Die Schwellenländer entwickelten sich in der Tapering-Ära von 2013 bis 2015 unterdurchschnittlich. Der JP Morgan EMBI Global Index gab um -5,3 % nach, erholte sich 2014 auf 7,4 %, rentierte 2015 jedoch nur verhaltene 1,2 %. Die Schwellenländeraktien gaben gemessen am MSCI Emerging Markets Index 2014 um -3,7 %, – 3,9 % und 2015 um 16,2 % nach, während große US-Indizes eine positive Rendite erwirtschafteten.

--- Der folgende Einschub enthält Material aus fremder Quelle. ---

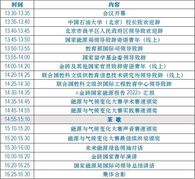 想与国际能源青年交流吗? 想与未来能源绿色领袖对话吗? 想了解未来能源发展趋势吗? 快收下这封邀请函! // 金砖国家合作至今已经走过16年的光辉历程,发展成为全方位、多层次、宽领域的国际合作机制。2022年中国担任金砖国家主席国。在金砖国家领导人第十四次会晤上,五国领导人一致认为,金砖国家应该加强团结,发扬金砖精神;加强科技创新、能源安全等领域合作,合力推动世界经济复苏;携手应对气候变化挑战,加快落实联合国2030年可持续发展议程,为共创全球发展新时代作出金砖贡献。会晤通过并发表的《金砖国家领导人第十四次会晤北京宣言》表示“赞赏举办金砖国家青年能源峰会”。 能源合作是金砖合作的重要组成部分。今年9月,国家能源局将主办第七届金砖国家能源部长会议。青年尤其是能源领域青年,在推动全球能源绿色低碳转型、应对气候变化和落实联合国2030年可持续发展议程中肩负着伟大历史使命。为促进“金砖+”能源青年之间的交流,倡导各方关注能源青年的声音主张和未来发展,为落实联合国2030年可持续发展议程凝聚智慧力量,中国石油大学(北京)将举办金砖国家能源青年峰会暨国际能源青年大会。会议同时也是2022全球能源转型高层论坛的分论坛之一。 会议主题: 青年团结创新,拥抱能源绿色未来 会议时间: 2022年9月18日13:30 会议地点: 北京未来科学城中海油大厦会议厅 会议组织机构: 支持单位: 中华人民共和国国家能源局 主办单位: 中国石油大学(北京) 北京市昌平区人民政府 世界能源大学联盟 协办单位: 中国石油国际勘探开发有限公司 中国石化集团国际石油勘探开发有限公司 中国海洋石油国际有限公司 联合国教科文组织教育信息技术研究所 联合国教科文组织国际工程教育中心 会议形式: 线上线下结合 (线上直播平台二维码附后) 工作语言: 中文、英文 会议议程: 线上直播平台 微信官方视频号 抖音官方直播间 英文直播间 共话能源转型和青年发展 凝心聚力 携手构建人类命运共同体 开创绿色美好未来! 点击文末阅读原文即可报名哦! 来源:国际合作与交流处 编辑:魏志博 责任编辑:华南 审核:李丽平 刘志庆 第一堂专业启蒙课,院士开讲!(文末新机遇,新生关注!) 速看!中石大2023年招收攻读硕士研究生简章来了! 结训名场面!红旗卷,浩气扬,意纵横! 中石大喜报!杰青+1,优青+4! 这一刻,我们同心守护! 快来一起畅谈能源!![]()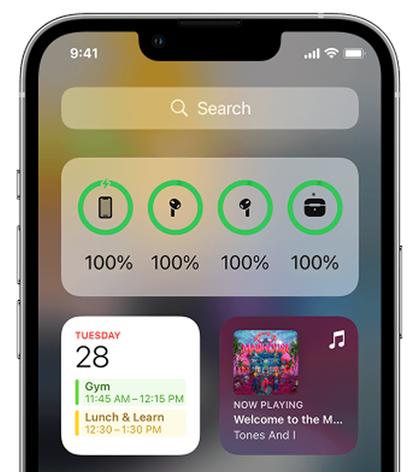 如果附近有 iPhone、iPad 或 iPod touch,您可以使用电池小部件轻松查看 AirPods 电池电量的准确百分比。为此,请在 AirPods 出现连接时检查电池小部件或电池电量。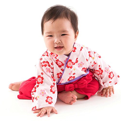 袴 ロンパース 女の子 カバーオール ベビー キッズ 巫女 レッド 70~80サイズ
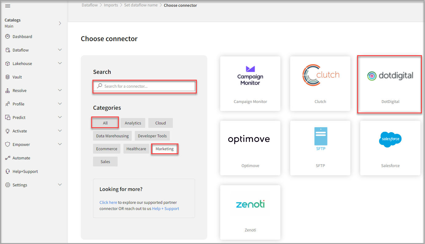- In the All or Marketing tab, select the dotdigital connector to start the configuration.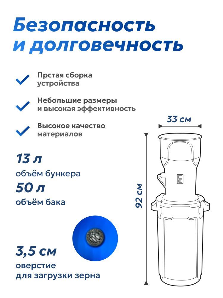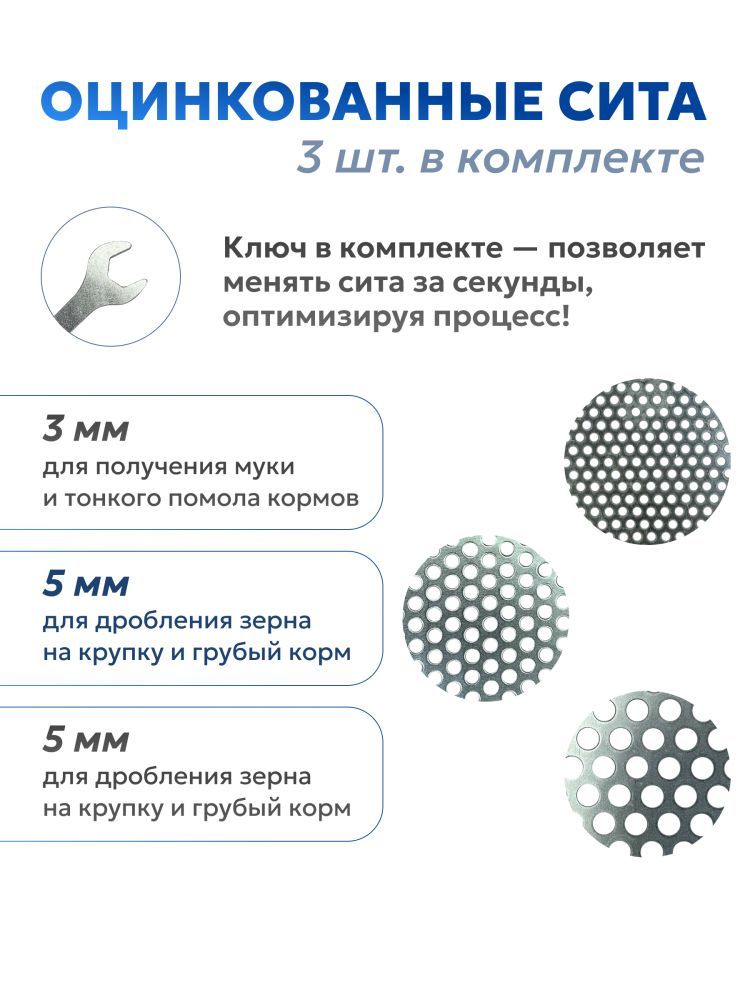 Электрическая зернодробилка SteadFast ИЗЭ-300/50 предназначена для измельчения зерна для кормления кур, коров или свиней. В качестве сырья возможно использование следующих растительных культур: пшеницы, ячменя, ржи, проса, кукурузы, риса.

Anlegerinnen und Anleger in Lokalwährung mussten eine ähnliche Entwicklung durchmachen. Die Renditen betrugen von 2013 bis 2015 -9 %, -5,7 % und -14,9 %. Einer der wichtigsten Faktoren der Wertentwicklung der Schwellenländer – der US-Dollar – stagnierte 2013 im Grunde, bevor er 2014 beachtliche 15,9 % und 2015 um weitere 6,4 % zulegte.
Wie geht es weiter?
Wir glauben, dass die Abbildungen zeigen, dass es tatsächlich einige Parallelen bei der Reaktion des Markts auf den vermuteten Kurswechsel in Richtung Tapering gibt, egal, wie weit dieser noch in der Zukunft liegt. Es ist also damit zu rechnen, dass die Vermögenswerte der Schwellenländer im Vergleich zu ihren Pendants der Industrieländer für einige Zeit unter Druck stehen werden.
Gebremst wird diese Entwicklung jedoch wohl durch die fundamentalen Unterschiede der Anlageklasse von damals und von heute. Auch wenn der letzte Tapering- und Straffungszyklus der Fed inzwischen acht Jahre her ist, bedeutet diese Episode ironischerweise, dass die Schwellenländer inzwischen wesentlich besser aufgestellt sind, um mit einem weiteren Tapering fertig zu werden.
Von der Ankündigung Bernankes bis zur ersten tatsächlichen Zinserhöhung der Fed im Dezember 2015 betrug die Währungsrendite des Index für Schwellenländeranleihen in Lokalwährung insgesamt -19 %. Dieses Blutbad räumte den Weg frei für eine deutliche Verbesserung der externen Bilanzen, da die billigeren Währungen für den Export positiv waren. Gleichzeitig erwiesen sich die relativ bescheidenen Straffungszyklen bei der Kontrolle der Inflation als effektiv, bedingt durch die Glaubwürdigkeit der Zentralbank und eine strukturell geringere Inflationsvolatilität.
Heutzutage sind die realen Wechselkurse billiger, die externen Bilanzen solider und die Inflation generell niedriger, wie im Folgenden dargelegt. Außerdem haben die Zentralbanken wichtiger Länder, wie Russland, Brasilien und Mexiko, die Zinsen bereits angehoben, um eine steigende Inflation zu bekämpfen. Erste Anzeichen (und die immer noch große Produktionslücke) deuten darauf hin, dass diese erhöhte Inflation vorübergehend ist. Ist dies der Fall, werden die realen Zinsen der Schwellenländer noch attraktiver sein. Wichtig ist vor allem, dass der Anteil der von Ausländern gehaltenen lokalen Anleihen wesentlich niedriger ist als 2013.
Aus diesen Gründen ist es unwahrscheinlich, dass die Vermögenspreise der Schwellenländer im gleichen Ausmaß einbrechen wie in der Vergangenheit. Schließlich verweisen wir auch darauf, dass, sollte sich die Fed beim Tapering-Zyklus in Geduld üben oder ihren Ausblick aufgrund eines langsameren US-Wachstums korrigieren, eine beträchtliche Outperformance der Schwellenländer bevorstehen könnte.
Autor James Barrineau ist Co-Head of Emerging Markets Debt Relative bei Schroder Investment Management.